AI Usage and Employee Performance: The Dual Roles of AI Self-Efficacy and AI-Enabled HRM
Yannan Li, Xiaoxiao Geng · July 06, 2026 · Systems
openalex correlational low evidence 7/10 relevance Summary only summary available; pdf_status=paywall DOI Source PDF
A 750-respondent survey in four Chinese cities finds that AI usage correlates with higher employee job and innovation performance, and these associations are mediated by increased AI self-efficacy and adoption of digital HRM practices.

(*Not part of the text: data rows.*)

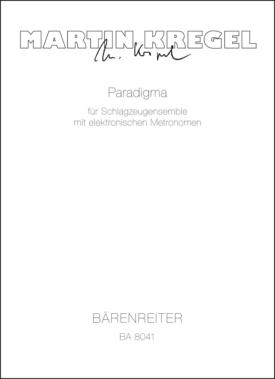 **Title**: Paradigma | **Subtitle**: Schlagzeugensemble (5 Spieler) und elektronische Metronome | **Composer / Author**: Kregel, Martin | **Edition Type**: Performance score | **Instrumentation**: Drums | **Scoring/ Instrumentation**: Drums | **Binding**: in a folder | **Level of Difficulty**: 3.0 | **Weight**: 65.0 g | **Format**: 29,1 x 21,1 cm | **Pages**: 9 S. | **Language**: EN | Sample: https://data.baerenreiter.com/NB/BA/BA08041_00_9790006488162_nb_lrg_01.jpg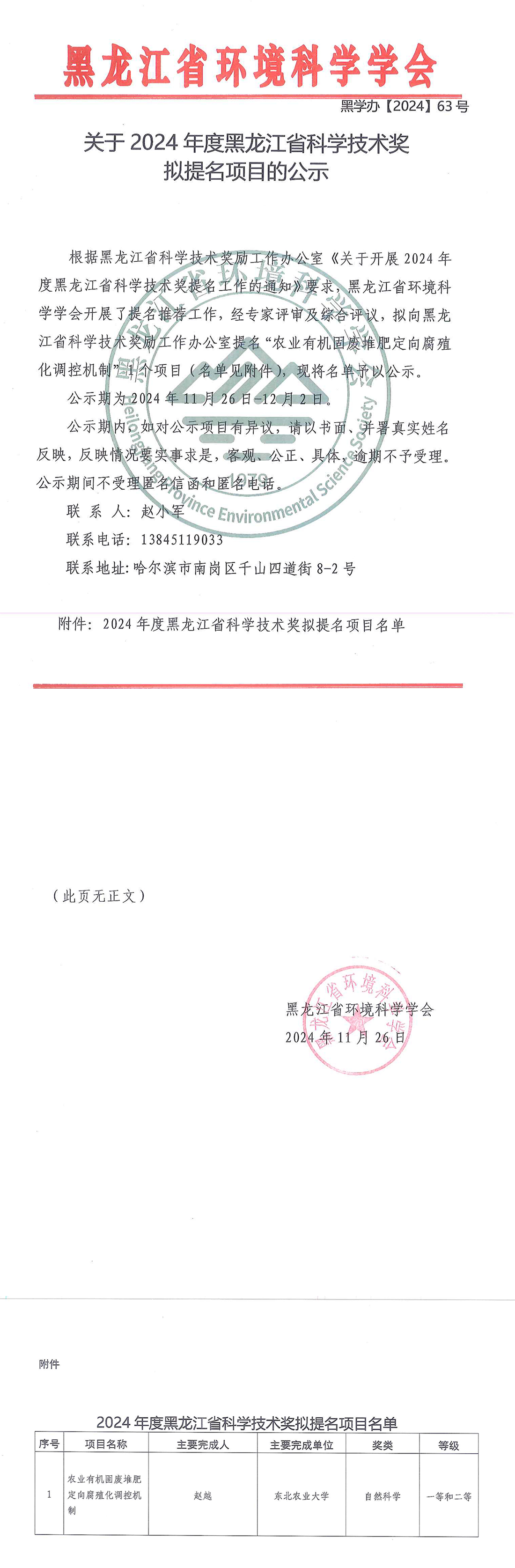 關(guān)于2024年度黑龍江省科學(xué)技術(shù)獎擬提名項目的公示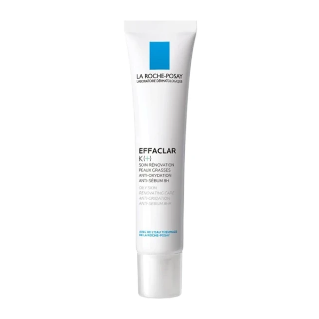 Το EFFACLAR K (+) είναι η 1η* φροντίδα ανανέωσης για το λιπαρό δέρμα, η οποία προλαμβάνει την οξείδωση που προκαλείται σε επανεμφανιζόμενα σπυράκια, με αντιοξειδωτικές ιδιότητες και δράση κατά του σμήγματος για 8 ώρες. Το δέρμα γίνεται πιο λείο από την πρώτη κιόλας εφαρμογή.Ιδανικό για επανεμφανιζόμενα σπυράκια και δέρμα με ανομοιόμορφη υφή. *Από τη La Roche-Posay.
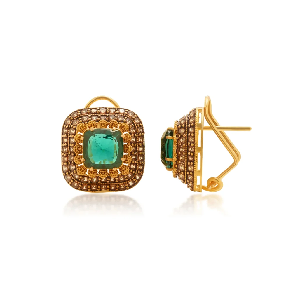 Featuring a bold square emerald centerpiece surrounded by intricate bead-set borders, this design exudes sophistication. The dimensional gold layers add depth, making it a perfect ceremonial piece.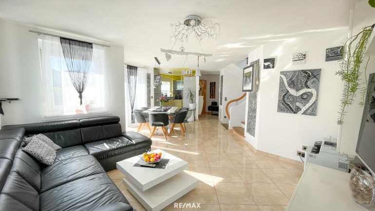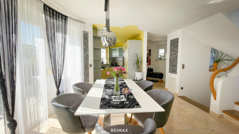 großer Wohn-Essraum (ca. 29 m²) mit Ausgang auf die Terrasse mit Gartenblick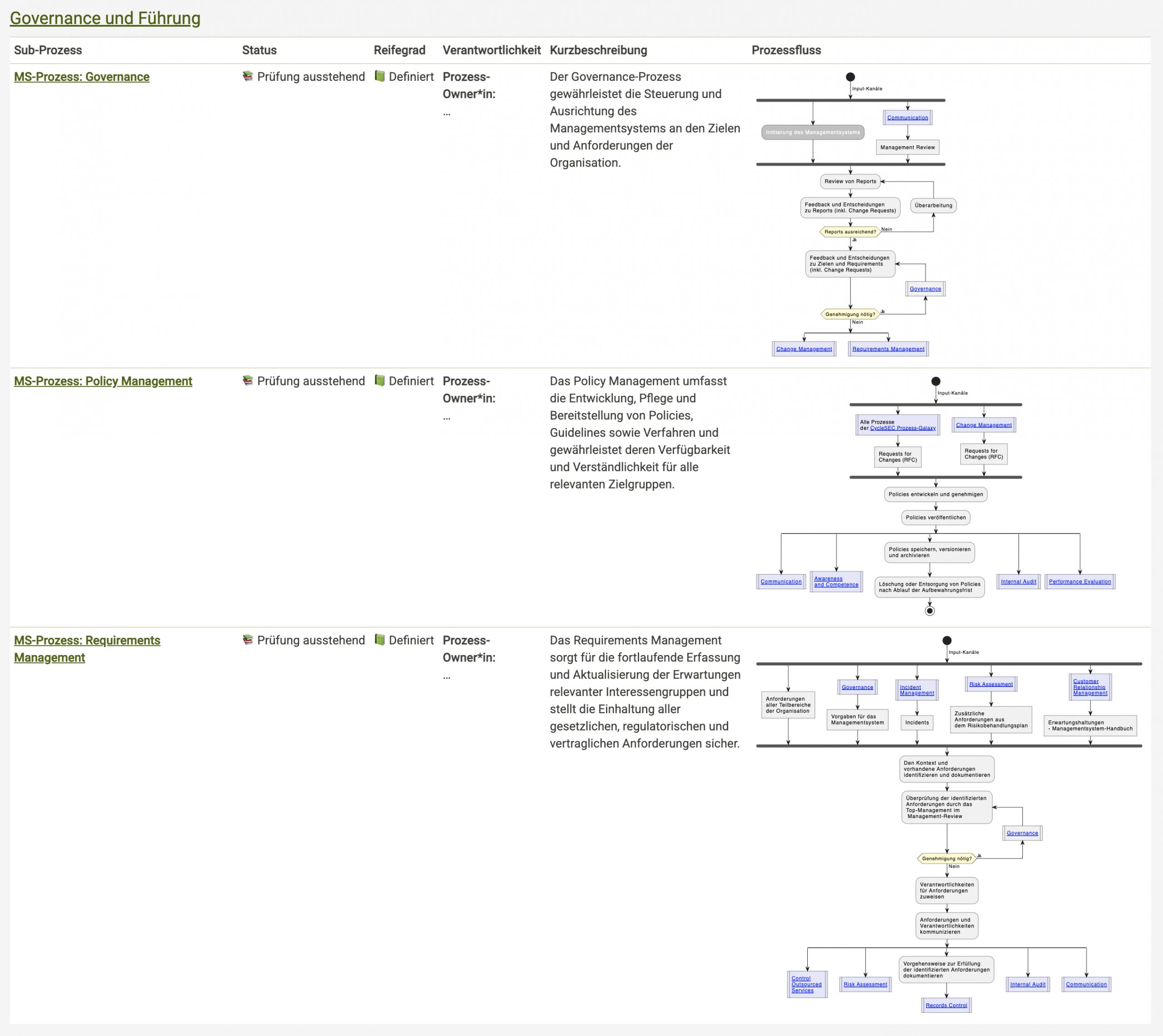 Ideal für Unternehmen und Organisationen, die eine Prozesslandkarte nach ISO/IEC Standards (Clause 4.4) etablieren möchten.
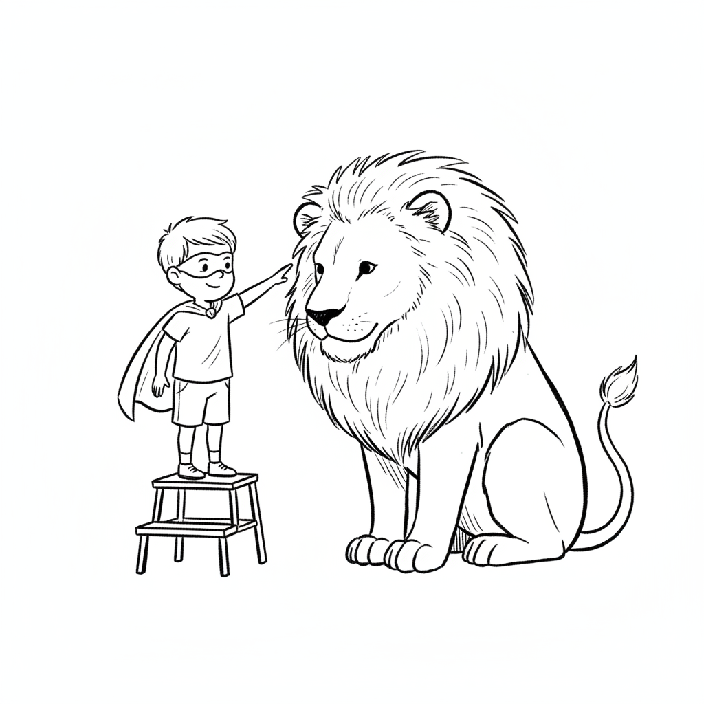 Superhelden-Kind auf Hocker streichelt sitzenden Löwen. Schwarz-Weiß-Illustration.

In the context of accelerating artificial intelligence (AI) development, this study explores how AI Usage contributes to employee job performance and innovation performance by activating cognitive and HR system–level mechanisms. Adopting an integrative individual–organizational perspective, this study examines the mediating roles of AI self-efficacy and digital human resource management (HRM) practices in translating AI adoption into employee performance outcomes. Survey data were collected from firms located in major Chinese cities (Beijing, Shenzhen, Xi’an, and Zhengzhou), resulting in 750 valid responses for analysis. The results indicate that AI self-efficacy and digital HRM practices function as significant positive mediators, facilitating the conversion of AI adoption into enhanced work performance and innovation outcomes. Theoretically, this study advances knowledge management studies by highlighting the complementary roles of individual cognitive beliefs and HR systems in enabling AI-driven learning and capability development. Practically, the findings suggest that organizations should embed AI technologies in HR systems that foster learning, knowledge utilization, and continuous innovation.

Summary

Main Finding

AI adoption improves employees' job performance and innovation performance—primarily by increasing AI self-efficacy (an individual cognitive mechanism) and by being embedded in digital HRM practices (an organizational/HR-system mechanism). Both mediators significantly and positively transmit the benefits of AI use into better performance outcomes.

Key Points

  • Sample: survey of 750 valid responses from firms in Beijing, Shenzhen, Xi’an, and Zhengzhou, China.
  • Outcomes studied: employee job performance and innovation performance.
  • Mediators identified:
    • AI self-efficacy (individual-level cognitive belief in using AI effectively).
    • Digital HRM practices (organization-level digitalization of HR systems that support learning and knowledge use).
  • Findings:
    • AI usage → higher AI self-efficacy → improved job and innovation performance.
    • AI usage → stronger digital HRM practices → improved job and innovation performance.
    • The two mediators act as complementary channels; both are significant positive mediators.
  • Theoretical contribution: integrates individual (cognitive) and organizational (HR system) perspectives within knowledge management to show how AI-driven learning and capability development are enabled by both human beliefs and HR systems.
  • Practical recommendation: firms should embed AI into HR systems and invest in practices that foster learning, knowledge utilization, and continuous innovation (e.g., training to raise AI self-efficacy, digital HR processes that support experimentation and knowledge sharing).

Data & Methods

  • Design: Cross-sectional firm-level survey (self-reported measures).
  • Sample: 750 respondents from major Chinese cities (Beijing, Shenzhen, Xi’an, Zhengzhou).
  • Analysis: Mediation analysis testing whether AI self-efficacy and digital HRM practices transmit the effect of AI adoption onto job and innovation performance; reported effects are statistically significant and positive.
  • Limitations of methods:
    • Cross-sectional survey limits causal inference (reverse causality/endogeneity possible).
    • Self-reported performance and mediator measures risk common-method bias.
    • Sample concentrated in Chinese cities — generalizability to other countries/sectors may be limited.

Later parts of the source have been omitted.